При этих словах его физиономия, расчлененная судорогами, разволнованная вибрацией рычания, сливается воедино, разглаживается, и из глубины выныривает, можно сказать, почти человеческое лицо. Я без всяких опасений подхожу к нему и отцепляю карабин у него на шее. И мы идем рядом. Переплетчик одет в приличный черный костюм, но босиком. Я пытаюсь завязать с ним разговор, но из его уст вырываются только какие-то нечленораздельные звуки. И лишь в глазах, черных выразительных глазах, я читаю дикий энтузиазм привязанности, симпатии, и это наполняет меня страхом. Временами он спотыкается о камень, о ком земли, и тотчас же лицо его ломается, распадается, страх наполовину выныривает из него, готовый к прыжку, и сразу же за ним ярость, ожидающая только мгновения, чтобы вновь превратить это лицо в клубок шипящих змей. Тогда я грубовато, по-дружески успокаиваю его. Даже похлопываю по плечу. И порой на лице его пытается сформироваться удивленная, подозрительная, не доверяющая самой себе улыбка. О, как тягостна для меня эта страшная дружба. Как пугает меня эта противоестественная симпатия. Как избавиться от человека, шагающего рядом со мной и виснущего взглядом, всей страстью своей собачьей души на моем лице? Но я не могу обмануть его нетерпения. Я вытаскиваю бумажник и деловито произношу;
— Вы, наверно, нуждаетесь в деньгах. Я с удовольствием ссужу вас.

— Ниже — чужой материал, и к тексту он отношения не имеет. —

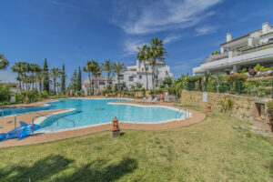 La propiedad se encuentra dentro de una exclusiva urbanización con seguridad 24 horas, piscinas exteriores y bonitos jardines.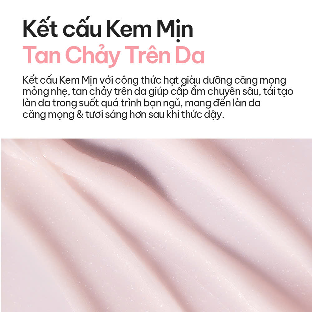 - Kết cấu kem mịn với các hạt giàu dưỡng căng mọng, nhẹ nhàng tan chảy trên da khi sử dụng - tạo thành hàng rào bảo vệ và duy trì độ ẩm, mang đến làn da tươi sáng, rạng rỡ sau khi thức dậy.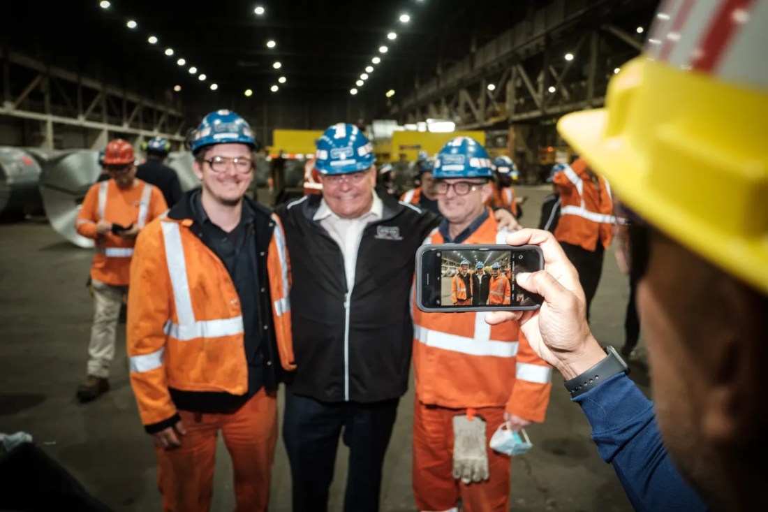 Above from Ontariopc.ca and below: employees at Stelco in Hamilton, Ont. get a photo taken with Doug Ford just before the Ontario election in June (credit Joshua Best/The Globe and Mail)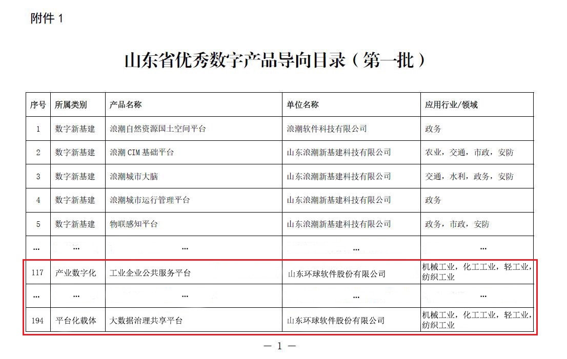 近日,山東省工業(ye)和信息化廳公(gong)布(bu)了(le)《山東省優秀數(shu)字產(chan)品(方案)導向(xiang)目錄(第(di)一批)》名單。山東環球軟件股(gu)份有限公(gong)司申報的“工業(ye)企業(ye)公(gong)共服務平臺”、“大數(shu)據治理共享平臺”兩項成(cheng)果,成(cheng)功入選。
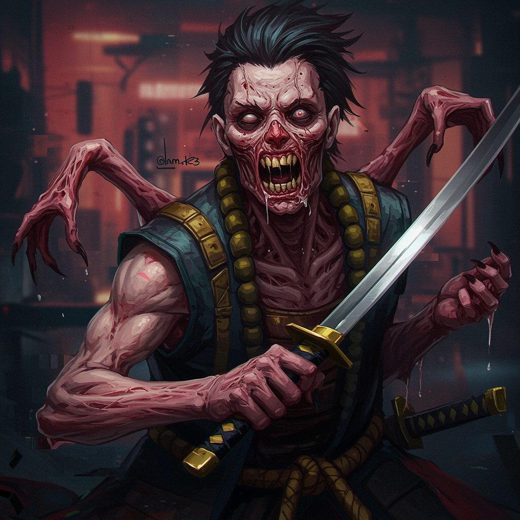 Digital wallpaper portrait of a brutal cyberpunk samurai, anime-style, inspired by Marvel comics, using dark, muted colors. Features a dynamic and dramatic composition in digital painting with intricate details. The scene highlights elements of distortion: jpeg artifacts, poor quality, and duplication. The character displays exaggerated features such as poorly drawn hands and face, mutations, and deformed anatomy. They have unnatural proportions, like extra and missing limbs, a long neck, and a cloned, disfigured face. The background includes intentional visual clutter: camera artifacts, name, signature, watermark, and logo marks. The figure embodies a morbid aesthetic with a dehydrated appearance, bad teeth, and grossly malformed body parts.
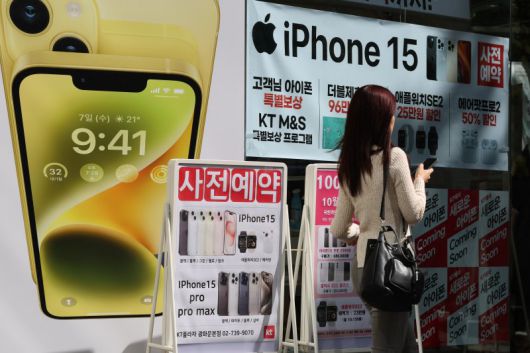 애플의 최신 스마트폰 아이폰15 시리즈의 사전예약 판매를 하루 앞둔 지난 5일 오후 서울의 한 통신사 매장에 사전예약 안내문이 붙어있다. 연합뉴스 |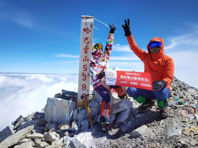 2020年9月20日11:05乐行中国创始人逍遥子携戈友吴佳成功登顶5396米的哈巴雪山。另外,两位山友先行于8:55分登顶。大家凌晨3:15从4100米大本营出发,一路经过原始森林,穿越碎石路段,翻越大石板坡,历经近8小时的攀登。最终登顶哈巴雪山顶峰。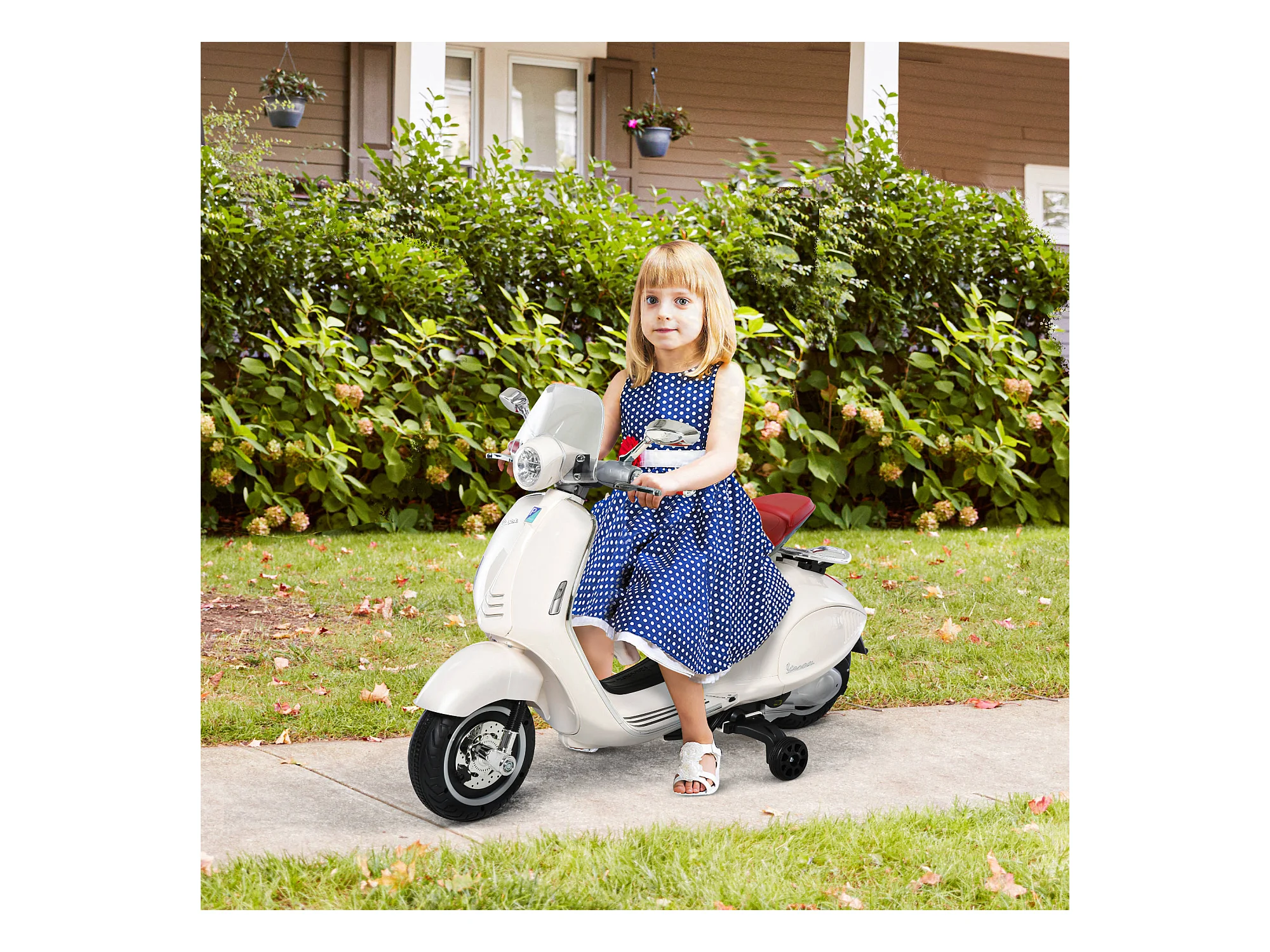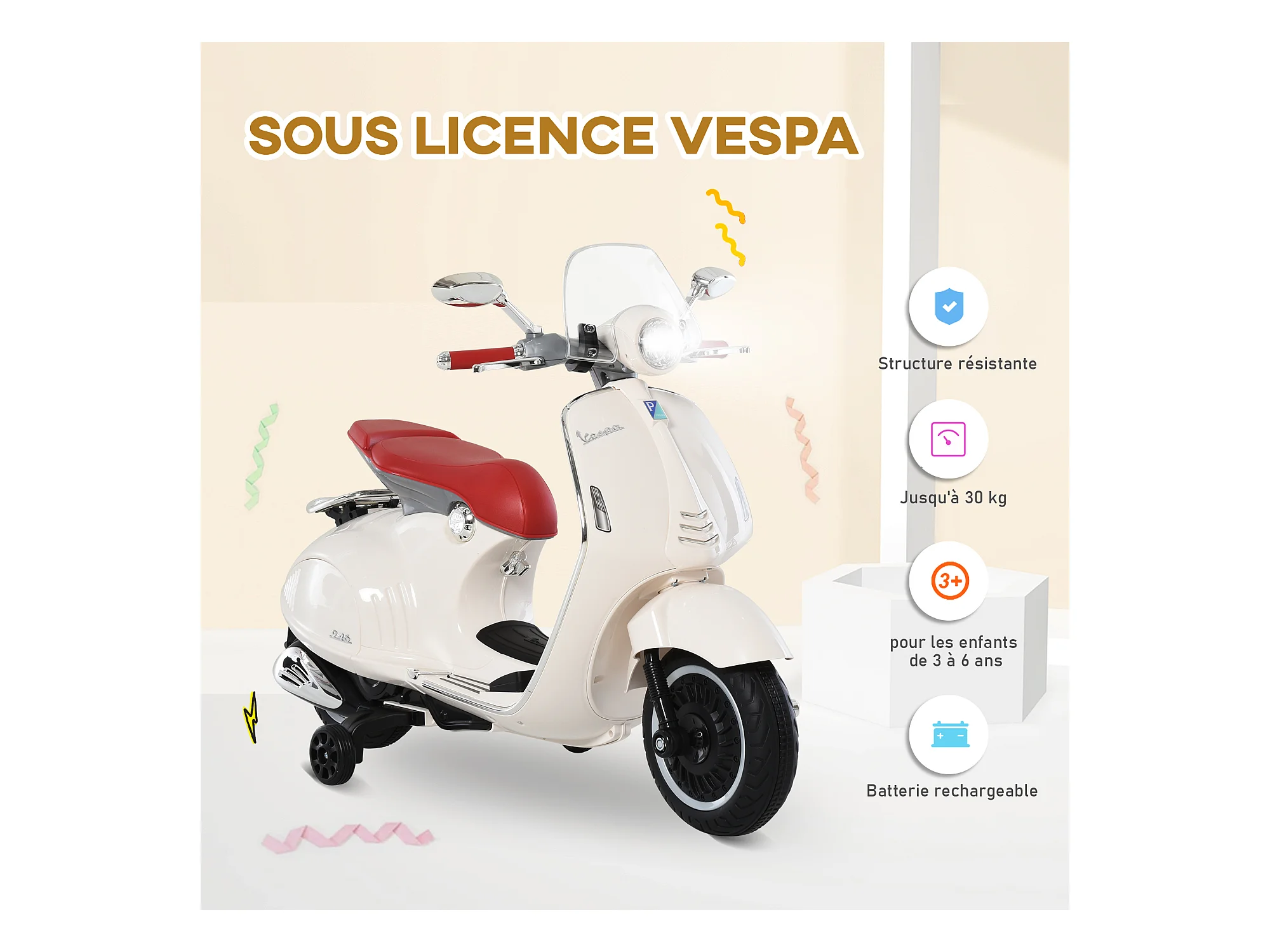 Scooter moto électrique enfant Vespa 6V 30W 2 roulettes auxiliaires effets sonores lumineux crème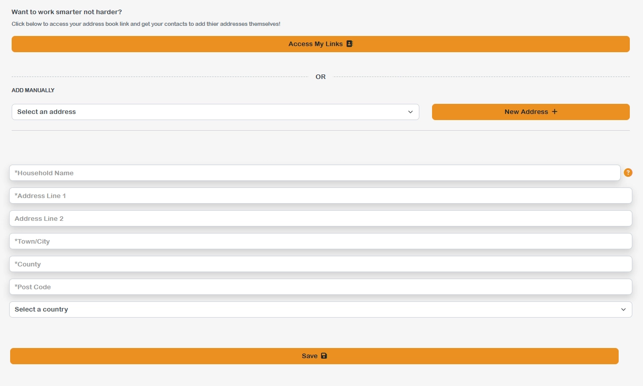 Households act as simple labels for the addresses you use, making it easier to send gifts to the same place again. We know entering the same details repeatedly can get tiring, so our households feature lets you name an address and save it. This way, sending gifts to familiar places is quick, easy, and completely fuss free.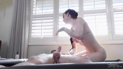 Essa transexual se chama Annabelle e ela dá a Michael uma massagem gostosa com toda a intenção de excitá-lo muito e poder transar com ele.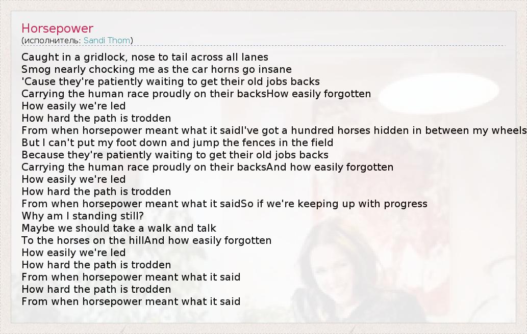 From when horsepower meant what it saidI've got a hundred horses hidden in between my wheels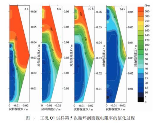 圖7工況Q1試樣第5次循環(huán)剖面視電阻率的演化過程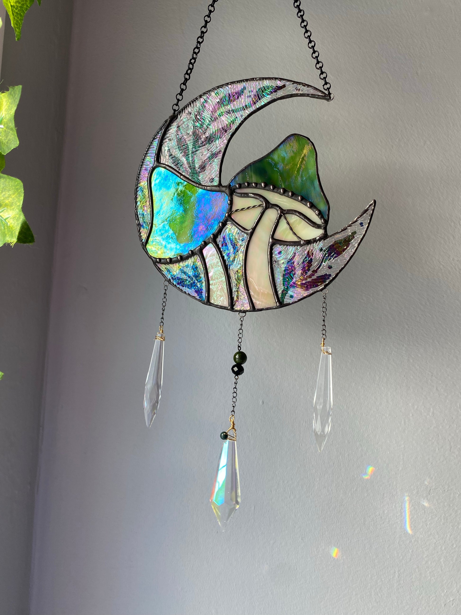 Full Iridescent Green Mushroom Moon Suncatcher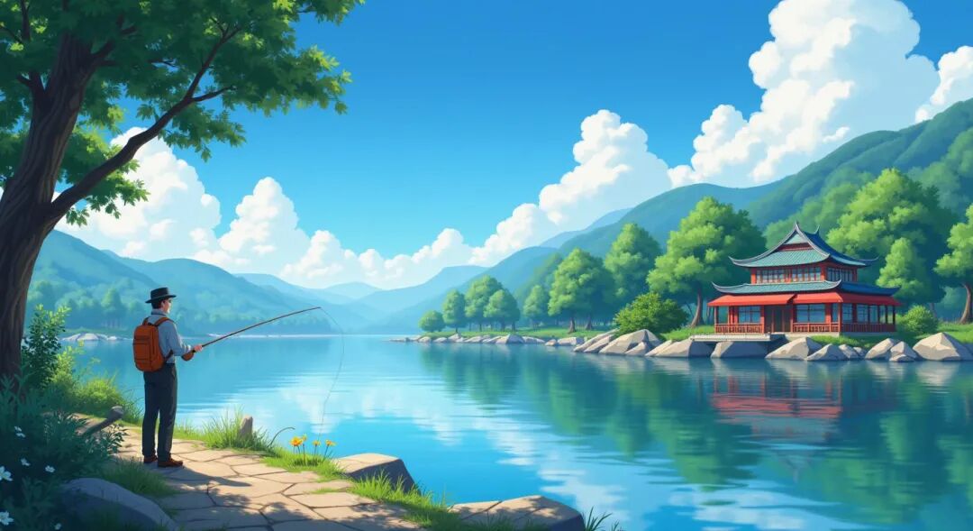 一天早上,一位先生在湖边钓鱼,他等呀等,可鱼儿就不上钩。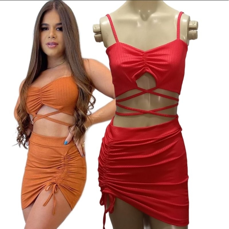 Conjunto Feminino ou Vestido Saia / Short + blusa / Top /Cropped canelado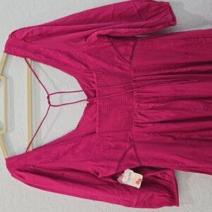 Chic fuchsia dress with delicate embroidery. Ideal for stylish outings.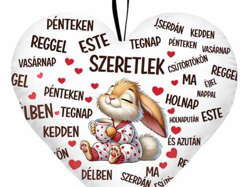 A szeretet nem csak egy napra szól. Reggel, este, ma, holnap – és mindig. Ez a kicsi szív alakú párna egy aranyos nyuszis mintával és a „Szeretlek” felirattal pontosan ezt az üzenetet közvetíti.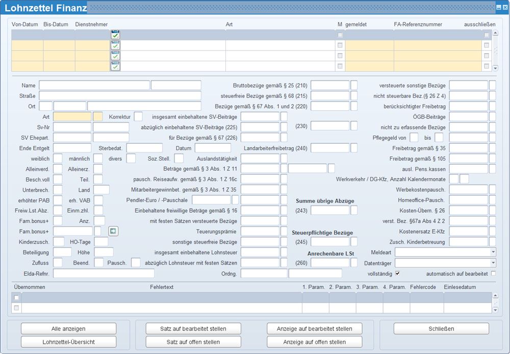 Bedeutet, dass der Lohnzettel Finanz auf keinem Datenträger enthalten ist. Dies kommt vor, wenn der Datensatz händisch auf bearbeitet gesetzt wurde (siehe unten unter Buttons - "Satz auf bearbeitet stellen") oder der Datensatz ist noch offen. |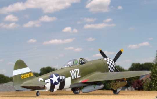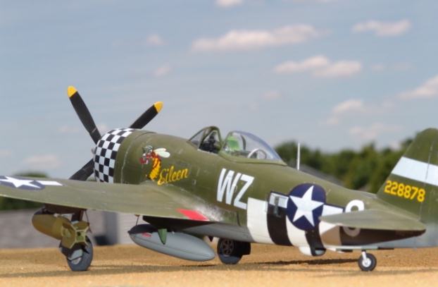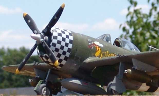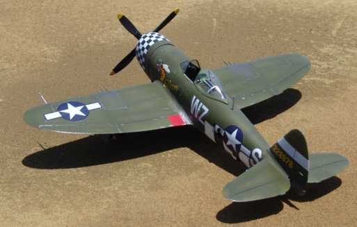 | Academy 1/48 P-47D-27 Thunderbolt This is my P-47D bubbletop Thunderbolt. The Academy kit is a great, low cost alternative to the Tamiya one. You're given plenty of aramament options to choose from. I did use the Eduard mini PE detail set. Not that the model really needs it but you do get seatbelts and those are a definite need in my opinion. The kit goes together well and a bit of putty is needed for the fuse seams and around the gun ports on the wing. I used True Details resin wheels since they are 'flattened' to give the illusion of weight. The model is painted with Testors enamles. I pre-shaded the panel lines with Floquil grimy black. The panel lines were given an enamel wash afte the glosscoat was applied for decaling. The kit decals are so-so. The checkerboard on the nose needed a lot of solvaset and releif cuts to get it to settle down. I opted to paint the invasion stripes rather than use the kit supplied decal. Academy decals have a nasty tendency to silver and I got lucky with this build as there were only a few spots where that happened. As usual it was given a weathering job with Floquil's grimy black then Testors dull-coated to seal everything in. Paint chipping was done with a Prisma-Color silver pencil. |

И тут же лицо его наполняется такой жуткой свирепостью, что я мгновенно прячу бумажник. Еще долго он не может успокоиться и овладеть чертами своего лица, которые вновь и вновь искажает конвульсия воя. Нет, долго этого я не вынесу. Все что угодно, только не это. Дела и так уже неимоверно усложнились, безнадежно запутались. Над городом я вижу зарево пожара. Отец где-то в огне революции, в горящей лавке. Доктор Готард недосягаем, и вдобавок еще непонятное появление мамы инкогнито с какой-то таинственной миссией. Все это звенья одной большой непостижимой интриги, сжимающейся вокруг моей скромной особы. Бежать надо отсюда, бежать. Куда угодно. Сбросить с себя эту чудовищную дружбу, этого воняющего псиной переплетчика, который не сводит с меня глаз. Мы стоим перед дверью Санатория.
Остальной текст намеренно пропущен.